# Precision 67/66



## joshisapunk (Oct 1, 2004)

Okay, hypothetical question time. 

Stock vr6 longblock with 8.5:1 headspacer, full 3.0" exhaust and an SRI. 

What approximate rpm would i see full boost (20-25 psi) with the .68 ar T4 turbine housing?


----------



## cabzilla (Jan 3, 2000)

lateish. like 4500 or a bit more


----------



## MiamiVr6T (Jul 24, 2004)

6765 T4 .81 a/r. 24 psi. 2nd and 3rd gear pull on M&H 235/60/15


----------



## PjS860ct (Dec 22, 2002)

^ sounds awesome!


----------



## V-dubbulyuh (Nov 13, 2005)

cabzilla said:


> lateish. like 4500 or a bit more


That turbo spools a lot quicker despite its size. On the T4 .81 I can hit 20 psi by 4K no problem.


----------



## 2DR16VT (Mar 16, 2006)

What power are you guys seeing on this turbo at 25psi ?


----------



## MiamiVr6T (Jul 24, 2004)

2DR16VT said:


> What power are you guys seeing on this turbo at 25psi ?

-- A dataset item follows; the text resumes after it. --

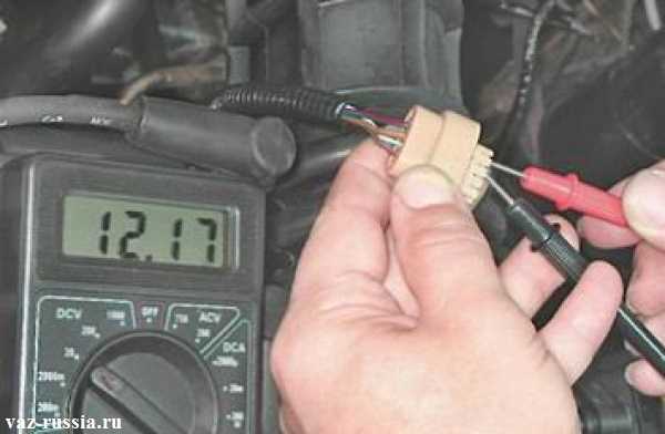 Вообще при работе с модулем рекомендуется обесточивать бортовую систему (Сеть обесточивается по средством скидывания клеммы минус с АКБ, о том как скинуть клемму если вы не знаете, читайте в статье: «Замена аккумулятора », в пункте первом той статьи всё написано), мало ли что может случиться, поэтому безопасность при выше всего, но прежде чем обесточивать систему проверьте колодку проводов которая подсоединяется к модулю и после этого можете её обесточить, для проверки отсоедините её и поверните ключ зажигания до такого момента когда все приборы в автомобиле загорятся, как только загорелись они берите в руки мульти-метр и включайте на нём режим вольтметра и замеряйте напряжение на колодке, для этого подсоедините два провода идущих от мульти-метра, один из проводов подсоединяйте к выводу который промаркирован (см. на колодку проводов, на ней есть эти маркировки) буквой С, а другой который промаркирован буквой D и прибор должен показать напряжение в 12 В, если показывает меньше или же вообще ничего не показывает, то либо разрядилась аккумуляторная батарея или же неисправна проводка, а вот чтобы проверить сам модуль зажигания это уже лучше делать либо с помощью специального прибора, либо поменять его на заведомо исправный модуль взяв у соседа на пример (Если у него такой же автомобиль), либо с помощью того же самого мульти-метра можно попробовать (Но даже мульти-метр может показать не верные результаты, поэтому на этот способ особо не полагайтесь), о том как это сделать читайте в статье: «Замена модуля и катушки на ВАЗ », а именно в той статье пункт «Примечание!» прочтите!

with a 6765 I've made [email protected] on a 26" tire. I make around 550-560whp now that I put a headspacer with the same tire and goes 140mph in the 1/4.


----------



## Yareka (Mar 5, 2002)

V-dubbulyuh said:


> That turbo spools a lot quicker despite its size. On the T4 .81 I can hit 20 psi by 4K no problem.


Holy ****, wouldnt have thought that. What compression and exhaust manifold?


----------



## V-dubbulyuh (Nov 13, 2005)

MiamiVr6T said:


> with a 6765 I've made [email protected] on a 26" tire. I make around 550-560whp now that I put a headspacer.


What was the compression ratio before and after (making 575 then 550)?


----------



## V-dubbulyuh (Nov 13, 2005)

Yareka said:


> Holy ****, wouldnt have thought that. What compression and exhaust manifold?


It will be interesting to see what MiamiVRT sees for PRM and spool.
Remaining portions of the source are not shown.